3.Is dewarp text Done in Tesseract OCR.?
Tesseract is a highly configurable piece of software -- though its configurations are poorly documented (unless you want to dig deep in the 150K lines of code). A good comprehensive list is present here http://www.sk-spell.sk.cx/tesseract-ocr-parameters-in-302-version.
Also look at
https://code.google.com/p/tesseract-ocr/wiki/ControlParams and https://code.google.com/p/tesseract-ocr/wiki/ImproveQuality
You can improve the quality tremendously if you feed more info about the data you're OCR'ing.
e.g. in case the images are all National IDs or Passports which follow certain standard MRZ formats, you can configure tesseract to use that info.
For the image you attach (an MRZ), i got the following result,
by using the following config
# disable dict, freq tables etc which would distract OCR'ing an MRZ
load_system_dawg F
load_freq_dawg F
load_unambig_dawg F
load_punc_dawg F
load_number_dawg F
load_fixed_length_dawgs F
load_bigram_dawg F
wordrec_enable_assoc F
# mrz allows only these chars
tessedit_char_whitelist 0123456789ABCDEFGHIJKLMNOPQRSTUVWXYZ<
Also see that your installation is trained for the fonts to get more accurate results. In your case it seems it is OCR-B font.
It is not necessary to go through the tedious task of retraining Tesseract. Yes, you will get much better results but in some cases you can get pretty far with the ENG training set.

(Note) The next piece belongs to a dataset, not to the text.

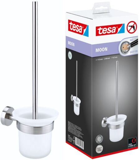 Tesa - Moon brosse wc, acier inoxydable, adhésif, 390mm x 115mm x 147mm

You can improve your results by paying attention to the following things:
Use a binary image as input and make sure you have black text on a white background
By default Tesseract will try to make words out of things that have no spacing. Try to segment each character seperately and place them in a new image with lots of spacing. Especially if you have combinations of letters and numbers Tesseract will "correct" this to match the surrounding characters.
Try to segment different parts of your image with a whitelist for the characters you know should be in there. If your only looking for digits in the first part then use a seperate instance of Tesseract to detect these numbers with a number only whitelist.
If you use the same object multiple times without resetting it Tesseract seems to have a memory. That means that you can get a different result each time you perform OCR. You can reset Tesseract to counter this or just create a new object.
Last but not least, use the resultIterator to go through the boxes that Tesseract can give as a result. You can check the size and confidence of each character and filter accordingly.
Based on my experience:
1.How to Improve text recognition rate using Tesseract ?
Firstly, preprocessing. Ensure that the input image is binary image with a good threshold. OpenCV has a good set of functions to apply threshold algorithms such as the Otsu algorithm as well as contour detection to help with warping and rotation.
You can also use contour detection in OpenCV to distinguish between lines of text.
Some filtering would also remove noise which often confuse tesseract and increase processing time.
Set up proper configurations for tesseract (e.g. eng.config). Full list of configs here (http://www.sk-spell.sk.cx/tesseract-ocr-parameters-in-302-version). Some examples include blacklists, whitelists, chopping, etc...
Use proper flags. E.g. -psm 6 if you are doing blocks of text rather than lines
Having trained my own language data... I would say do so only if you have lots of time and resources. Or if your font is very peculiar (e.g. dot matrix).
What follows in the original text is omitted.